Interest Rates Jump Up
Headline article from the BNZ Weekly Overview.
INTEREST RATES JUMP UP
This week’s WO is shorter than usual for three reasons. One, at the time of writing this on Thursday afternoon we still did not know if war had started as such. Two, we’ve been busy with lots of work on. Three, its hard to say anything in the current environment where, as we have been predicting, rate volatility has jumped up because of the war factor.
Over the past week we have seen the NZD get lost in the wash a bit as investors have clamoured back into USDs amid optimism about a quick war and the return of certainty of a sorts to the markets. Oil prices have plunged now that traders can see a scenario where security of flows will eventually increase. And of interest to borrowers here is the large jump in long term interest rates around the world as investors have moved back into equities where the Dow has soared 713 points or 9.4% from a week ago. Over the past week we have seen the cost to us banks of borrowing funds to lend fixed for three years jump from 5.77% to 6.11%. This is the biggest one week jump in this benchmark rate since December 1998 and is why we have argued that borrowers should be wary of following fixed rates down from already very low levels in the hope of getting even lower rates. In the minds of many people the outbreak of war would seem an especially bad thing which would cause investors to sell shares and invest in long term fixed interest assets. However exactly this sentiment has been at work in the markets for many months now, so the actual outbreak of war does not necessarily bring new information.
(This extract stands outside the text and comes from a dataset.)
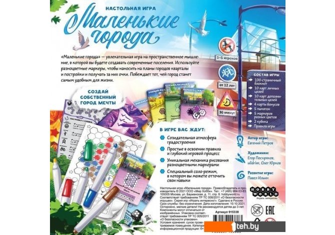 | Информация | "Маленькие города" – увлекательная игра на пространственное мышление, в которой вы будете создавать современные поселения. Используйте разноцветные маркеры, чтобы наносить на планы городов кварталы и постройки и получать за них очки. Побеждает тот, чей город станет самым удобным для жизни. В игре вас ждут: Созидательная атмосфера градостроения Простые в освоении правила и глубокий игровой процесс Уникальная механика рисования разноцветными маркерами Специальный соло-режим, в котором вы можете отточить свои навыки |
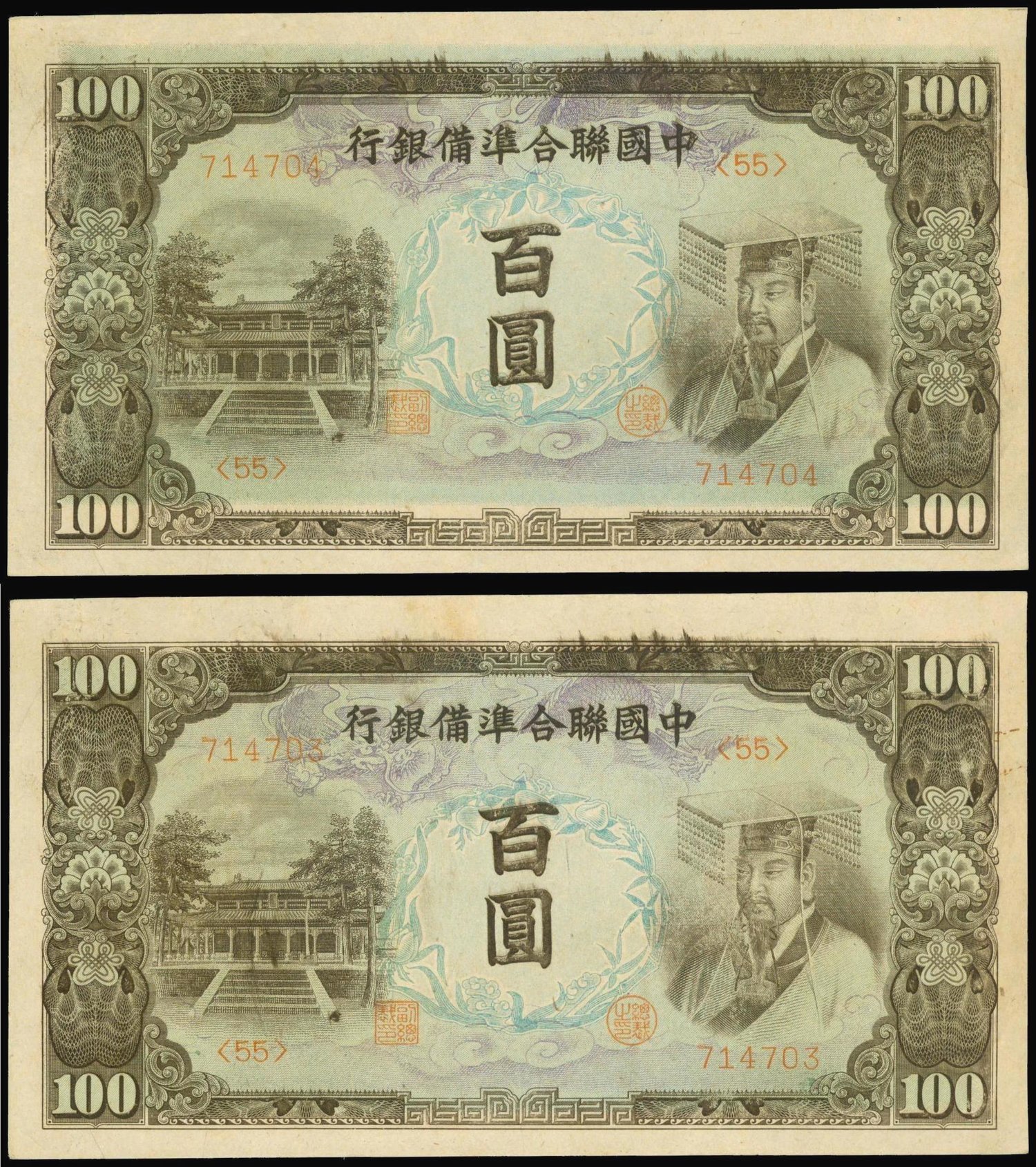 Federal Reserve Bank of China,consecutive pair of 100 yuan, ND(1944), serial number 714703-4,black on green blue, Huang Ti at right, reverse brown,

In fact it is being used as a good reason in many quarters to take profits on the rally in fixed rates in anticipation of the war premium going out of the market in a few week’s time.
This is the nature of the financial markets. They are forward looking and the latest news is often less interesting than what it signals may be the main news item in the future. In this case the market view is that the US-led forces will succeed in installing an alternative regime in Iraq very quickly and the alternative less certain scenario of procrastination and appeasement no longer applies. That latter scenario was seen as extending the current period of weakness in business and consumer confidence around the world and generating extra downside risk to consumer spending, business capital expenditure, and jobs growth.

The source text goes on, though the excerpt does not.